With funding from the computational mathematics program of the Air Force Office of Scientific Research, Wang’s group has worked on the algorithms and flow solver for more than 20 years. Part of that work produced hpMusic, which was designed to simulate compressible flow. In addition, hpMusic can run on GPU-based machines, such as Summit or OLCF’s Frontier, the world’s fastest supercomputer and the first to achieve exascale, or a quintillion (billion billion) operations per second. As Wang says, hpMusic “has been validated for a wide range of problems.” It even formed the basis of GE Aerospace’s GENESIS code for simulating jet engines.

To optimize hpMusic, though, Wang reached out for assistance. Computer scientists at NVIDIA helped him make hpMusic get the most out of Summit. Plus, scientists at the software company Cadence Design Systems helped generate a high-order unstructured mesh with over 140 million elements.

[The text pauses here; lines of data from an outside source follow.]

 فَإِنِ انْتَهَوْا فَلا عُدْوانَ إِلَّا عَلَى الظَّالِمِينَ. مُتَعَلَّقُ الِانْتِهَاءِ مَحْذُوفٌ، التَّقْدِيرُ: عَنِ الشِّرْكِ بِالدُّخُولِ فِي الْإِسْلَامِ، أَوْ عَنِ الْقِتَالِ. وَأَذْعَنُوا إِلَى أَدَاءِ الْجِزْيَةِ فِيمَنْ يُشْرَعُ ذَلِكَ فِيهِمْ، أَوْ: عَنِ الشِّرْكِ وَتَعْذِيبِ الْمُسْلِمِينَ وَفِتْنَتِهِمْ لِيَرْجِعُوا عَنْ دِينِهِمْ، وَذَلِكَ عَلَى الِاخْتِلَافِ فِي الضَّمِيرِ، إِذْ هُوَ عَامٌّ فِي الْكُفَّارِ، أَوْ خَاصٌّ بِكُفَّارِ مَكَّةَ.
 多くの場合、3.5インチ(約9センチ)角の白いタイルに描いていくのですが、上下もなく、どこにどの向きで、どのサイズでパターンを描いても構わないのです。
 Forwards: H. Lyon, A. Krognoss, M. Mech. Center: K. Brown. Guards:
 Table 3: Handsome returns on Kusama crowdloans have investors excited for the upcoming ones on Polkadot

With the program optimized for a GPU-based high-performance computer and a 2023 INCITE allocation on Summit, the Wang-led team was ready to test hpMusic’s ability to simulate the NASA CRM high-lift configuration.

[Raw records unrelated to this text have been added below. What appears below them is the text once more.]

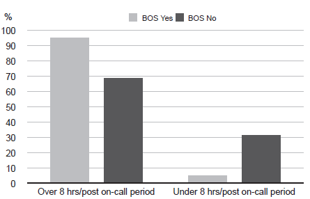 There was a statistically significant, slight and directly proportional association between the number of hours in the “post-on-call” period and the presence of burnout (ro = .249, p = .019). Residents with more than eight “post-on-call” hours were 8.4 times more likely to present burnout than those with fewer hours (RR 8.42; 95% CI [2.4, 67.1]) (Figure 4).
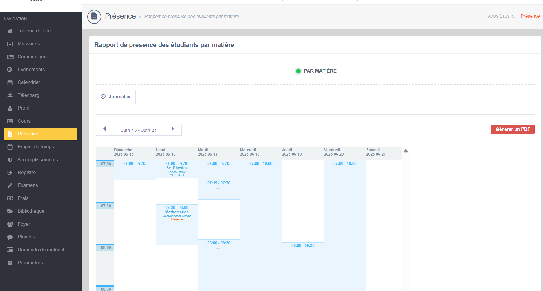 Exporter les données telles que les étudiants, les paiements, les absences, ...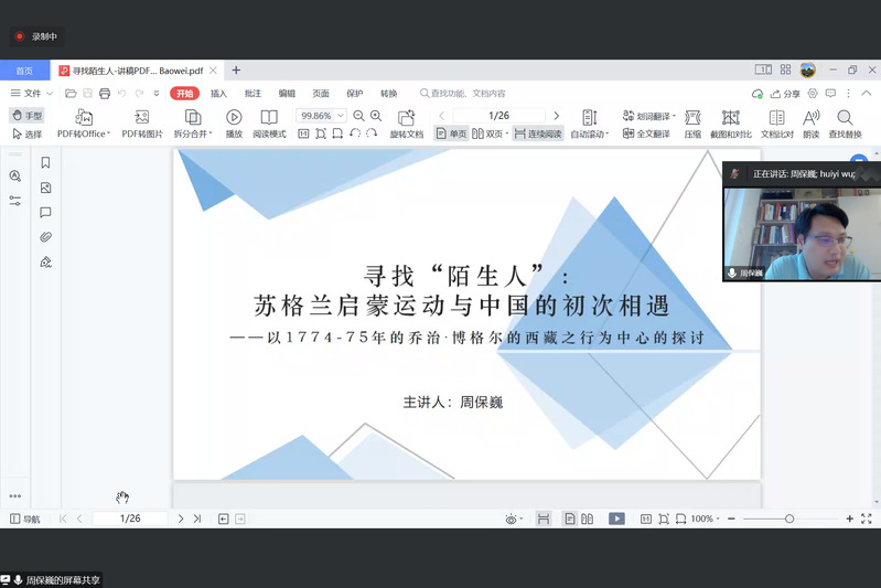 复旦大学李宏图教授和华东师范大学周保巍老师则着眼旅行史研究的具体实践,分别就《论自由》文本在中国的翻译以及乔治·博格尔在西藏的旅行为中心,分享了其研究成果。四位学者精彩的报告为全体与会人员奉上了一场学术盛宴,引发了热烈的讨论。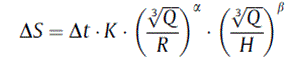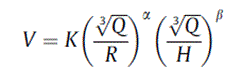 3.2.1 Fórmula Convencional de Sadowski É geralmente comum coletar dados de campo e realizar análise de regressão de acordo com a fórmula de Sadowski na Eq. (1) para investigar o efeito da elevacáo na vibracáo gerada por detonacáo. A Eq. (1) é principalmente baseada na fórmula de Sadowski obtida por regressão para prever a velocidade da vibracáo de detonacáo (LI et al., 2017).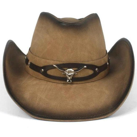 Step into this high-quality leather cowboy hat and feel the power of old west tradition. Embark on an exciting rodeo with this leather cowboy hat. This traditional accessory is essential for any true cowboy. It evokes memorable scenes from Sergio Leone's western films.

Although one hpMusic job requires nearly a month to run, Wang’s team was allowed only 12-hour runs on Summit. “So we had to restart it very often,” he says. Even with a job completed, it took days to transport the roughly 3.5 terabytes of data from Summit to KU. Visualizing the results, says Wang, “was a nightmare, because the output produced tens of billions of elements and points.”

With all of the data visualized, Wang notes two key findings. “First, we did it,” he says. The results showed fine details in eddy patterns on the aircraft surface. Second, those patterns closely resembled the “intricate separation patterns near the wingtip” in experiments. The computational results even capture fine details that escape other models of these eddies.

Future simulations could play a part in the aerospace industry’s move to certification by analysis versus experimentation only. “We can use this kind of simulations to accurately predict the maximum lift, and such simulations have the ability to replace some — definitely not all — experiments,” Wang says. If a simulation shows, say, separation of airflow from a jet’s wingtip, which would reduce lift and increase drag, “maybe the wing could be changed to mitigate that, but there is the never-ending quest to improve the accuracy and efficiency of the simulations.” Higher lift and less drag could increase an aircraft’s fuel efficiency and reduce jet noise.

Still, Wang’s use of hpMusic is just getting started. “We’re extending it to more complex problems,” he says. “One of those is airflow over a helicopter’s rotor blades.” He even envisions simulating an entire jet engine, but that would require adding still more physics to a simulation. “I don’t know whether we will be able to do it before I retire, but it gives me a challenge.”

After decades in aerospace engineering, Wang’s childhood fascination for flight continues. Even today, when he sees a jet fly by, he thinks one thing: “It’s astonishing!”